# MMMMMMM LEEEEEEEEEECHES!



## cootkiller (Oct 23, 2002)

I posted this on the supporting members board but probably should have just posted it here.
I am planning to do some leech trapping this spring and am curius as to the best areas to concentrate on.
We have many mud bottom sloughs up on the pridelands and many have been full of water for 10 to 15 years. Where on these slough would be the best place to put the traps.
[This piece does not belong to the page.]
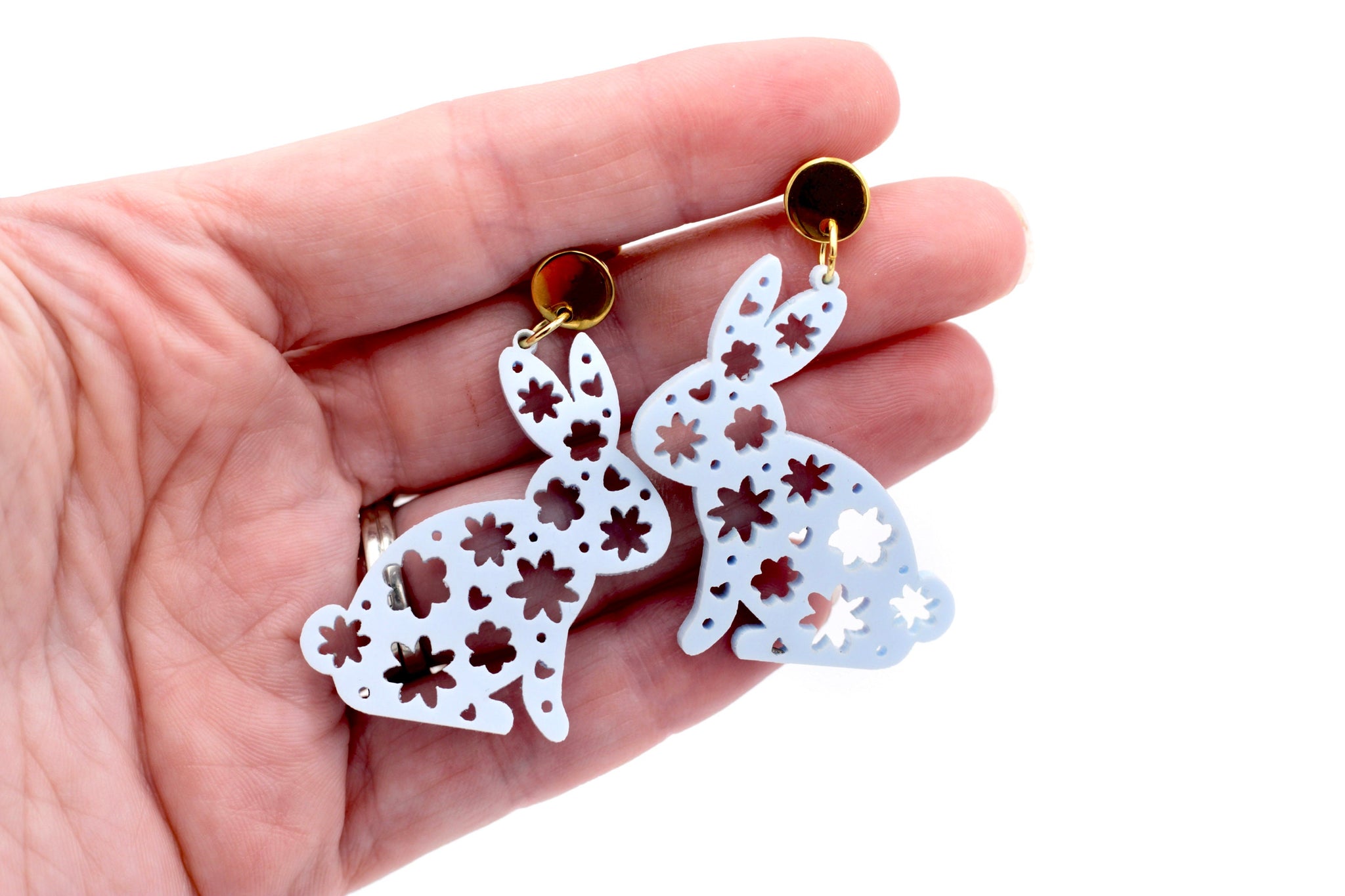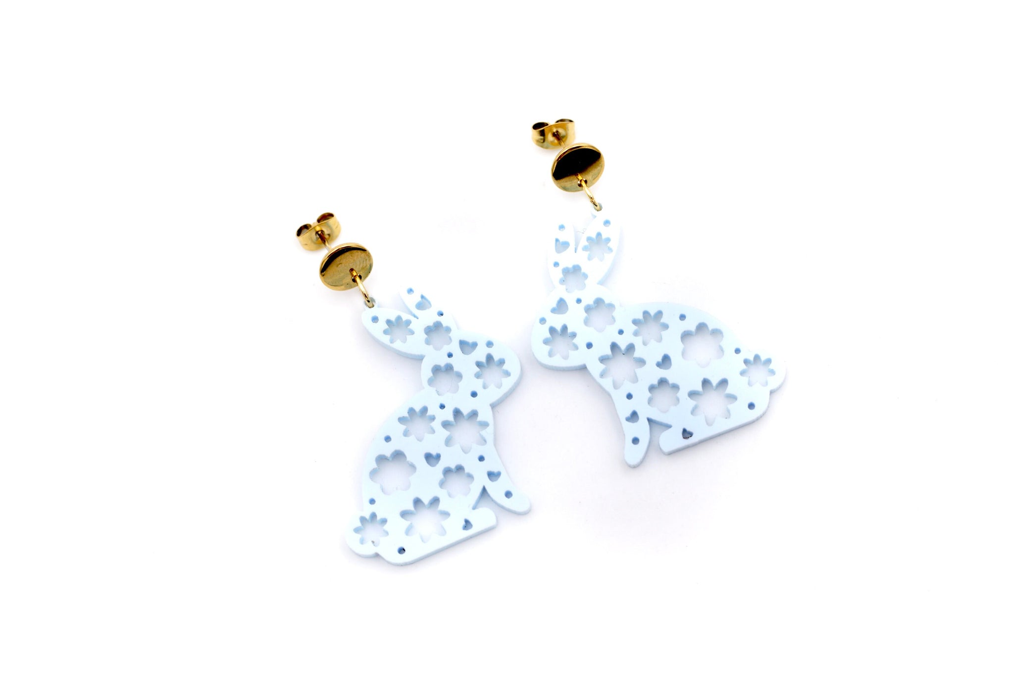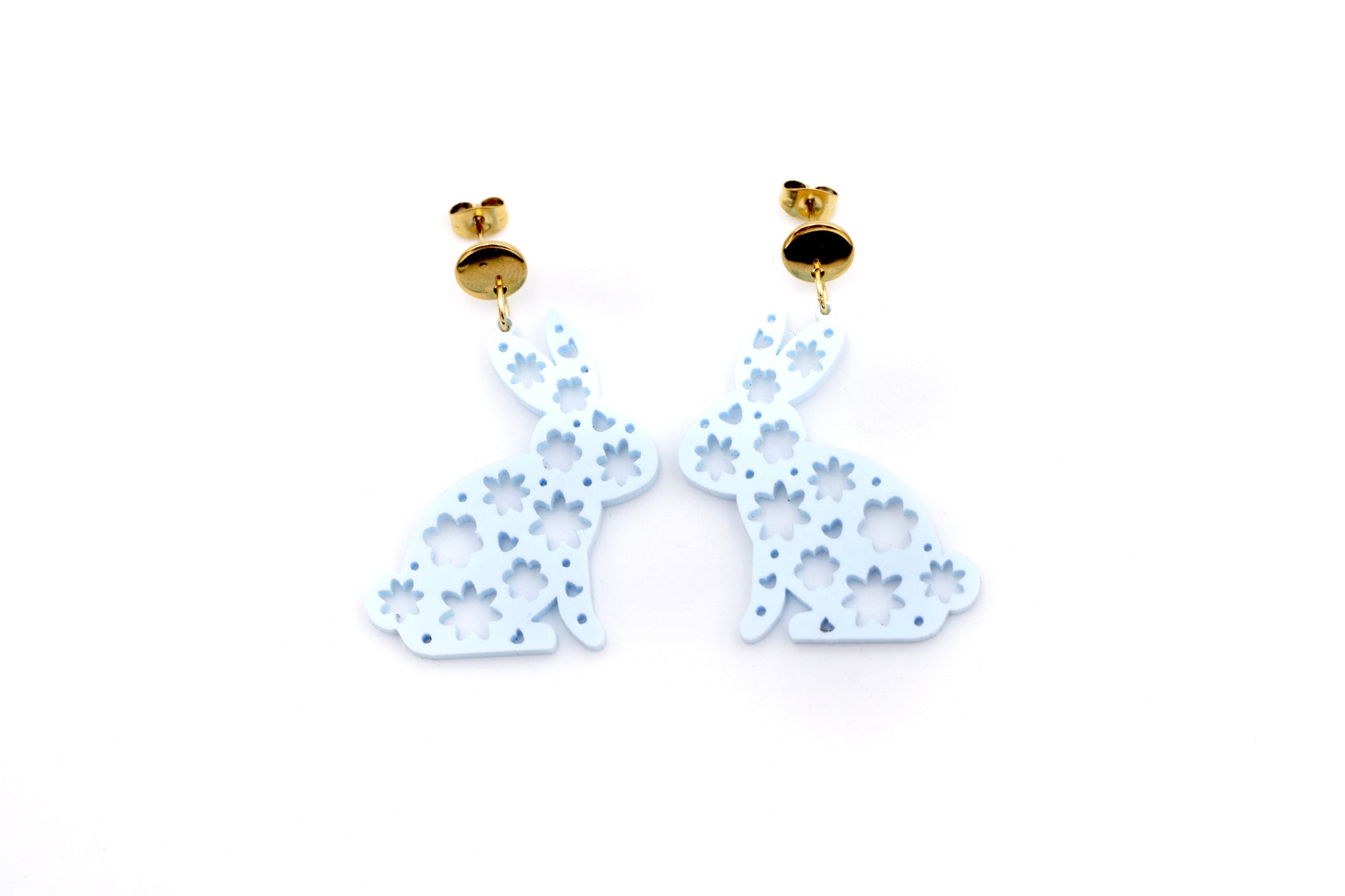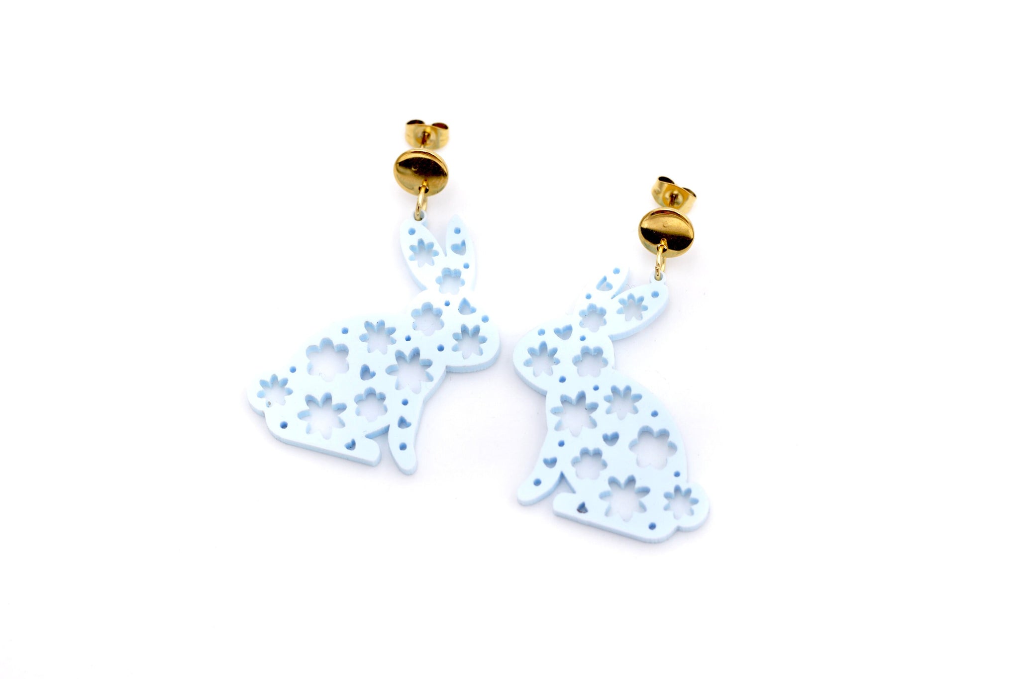 These dangle-style earrings feature light blue acrylic cut into the shape of cute floral patterned bunnies. Each earring is finished off with a stainless steel ear post.

I have researched a little bit and read that off shore weedlines is the best but when I lived up in Rolla the boys that trapped them in the Turtle mts put their traps right out in the middle.
Also, are sloughs that are semi-permanent worth even trying.

cootkiller


----------



## Bob Kellam (Apr 8, 2004)

Permanent sloughs, with a line of traps 20' apart down the middle of the slough. worked when we tried it a few years ago. used a canoe to check the traps once a week.

Bob


----------



## cootkiller (Oct 23, 2002)

Once a week?  
Some reports and info from some people that I know who have done it say they check them at least daily if not morning and evening.
Maybe I am being too optimistic.
cootkiller


----------



## curty (Sep 18, 2003)

:rollin: You wanna trap leaches???? Go to my inlaws :lol:


----------



## Chris Schulz (Sep 7, 2004)

well it depends on the amount of leeches in the pond, i would check them evry day for the firstbit of time. If there full everyday keep checking them but if not dont check them so often.


----------



## fishunt (Jan 24, 2004)

Do we have leeches in ND? do ND have many leeches? I have not swimming in water but once time in lake with my friend party but no leeches on us? I grew up in NY 34 years. any idea? :roll:


----------